FPGARelated.com
Forums

Implementing five stage pipeline

Started by vssumesh October 15, 2005
Hi all,
Thinking of a 5 stage pipeline risc.
1. fetch
2. decode
3. execute
4. buffer
5. write back
  The result of execution stage is buffered at the +ve edge of the
buffer cycle. And this works if we enable the data forwarding method.
And the next instruction will get the updated values from the buffer
register at its execution stage. And the buffered data will be placed
to memory ony at the write back stage.
  My doubt is if this is true where will we buffer the output of the
execution stage of the second instruction at the +ve edge of its buffer
cycle as the buffer is still holding the result of the previous
instruction.
  I am a beginer to these type of things. This is similar to the ARM9
pipeline. Whats their way of tackling this situation.

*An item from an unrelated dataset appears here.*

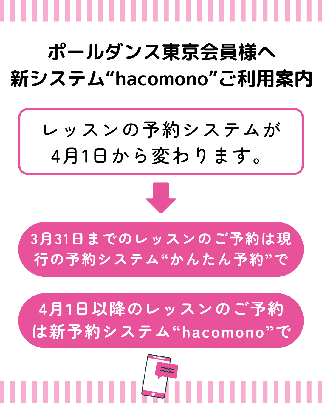 現会員様の新レッスン予約システム「hacomono」(4/1〜)のご利用方法

Some body please advice me in this issue as i am still wondering aout
what to do ???

vssumesh wrote:
> Hi all, > Thinking of a 5 stage pipeline risc. > 1. fetch > 2. decode > 3. execute > 4. buffer > 5. write back > The result of execution stage is buffered at the +ve edge of the > buffer cycle. And this works if we enable the data forwarding method. > And the next instruction will get the updated values from the buffer > register at its execution stage. And the buffered data will be placed > to memory ony at the write back stage. > My doubt is if this is true where will we buffer the output of the > execution stage of the second instruction at the +ve edge of its buffer > cycle as the buffer is still holding the result of the previous > instruction. > I am a beginer to these type of things. This is similar to the ARM9 > pipeline. Whats their way of tackling this situation.
Really its a bit strange that a complete beginner would jump into the deep end when in the past we went through some baby steps 1st. Are you doing this in Verilog/VHDL or C or some other academic cpu design tool? You do have the Hennessy-Patterson book right (from MKP)? Not actually in this book but one radical suggestion I have is to throw this horrible design model away and do a multi threaded architecture. You replace one set of cycle sucking performance limits with a much simpler thread engine that ultimately boils down to a 2 or so bit counter in state control. Such a design can run around 2x as fast as the single threaded design at circuit levels, and that 2x can be traded back for many simplifications to get back same speed but with much less hardware. Definitely you don't need register forwarding, or hazard logic detection logic in MTA designs, but you do end up with a couple of threads for the end user to deal with. Many more issues there. John gmail or transputer2 at yahoo
But i just can do that because i am building this to imitate ARM
pipeline.

I'm not familiar with ARM cores, so I can't help you emulate their
architecture.  My advice would be to read datasheets for ARM cores, if
they're available, but they're probably not.  It seems to me that if
they gave away their architecture (the world knew it) and they already
"give away" their instruction set they would have no product anymore.
I suppose their implementation is probably pretty good, but still
architecture is a major part of design.

My question for John though is what do you mean by a threaded
architecture?  I don't see how adding a second core will make the first
one run twice as fast.  It seems to me each "thread" needs to be
independent enough to have its own pipeline.  If each has its own
pipeline, register forwarding and hazard logic are going to be needed.
If you didn't have those I suppose you could just bubble the pipeline,
but that seems pretty wasteful.

The big problem I see with multi-core FPGA based processors is that
it's very easy to be memory bound in an FPGA.  Fetch from an SDRAM is
only so fast.  I know you can put several of them in parallel to
improve performance and I suppose that would do it, but the limits are
definitely close without some good caching schemes.  Unfortunately, it
seems that associative caches are very expensive to implement in an
FPGA.

-Arlen

The real problem here is that the H & P comp arch bible and most books
that repeat the same material don't teach anyone today how to do
anything that doesn't look like a DLX so tough if you have to figure it
out yourself. This is esp true for MTA design, a much overlooked
technique.

Now MTA (multi threaded architecture) isn't even new, it goes back to
the 50s in previous century (the one that starts with 1). The idea is
really simple, very familiar to DSP people who do a lot of
transposition between parallel & serial DSP, bit wise v word wise.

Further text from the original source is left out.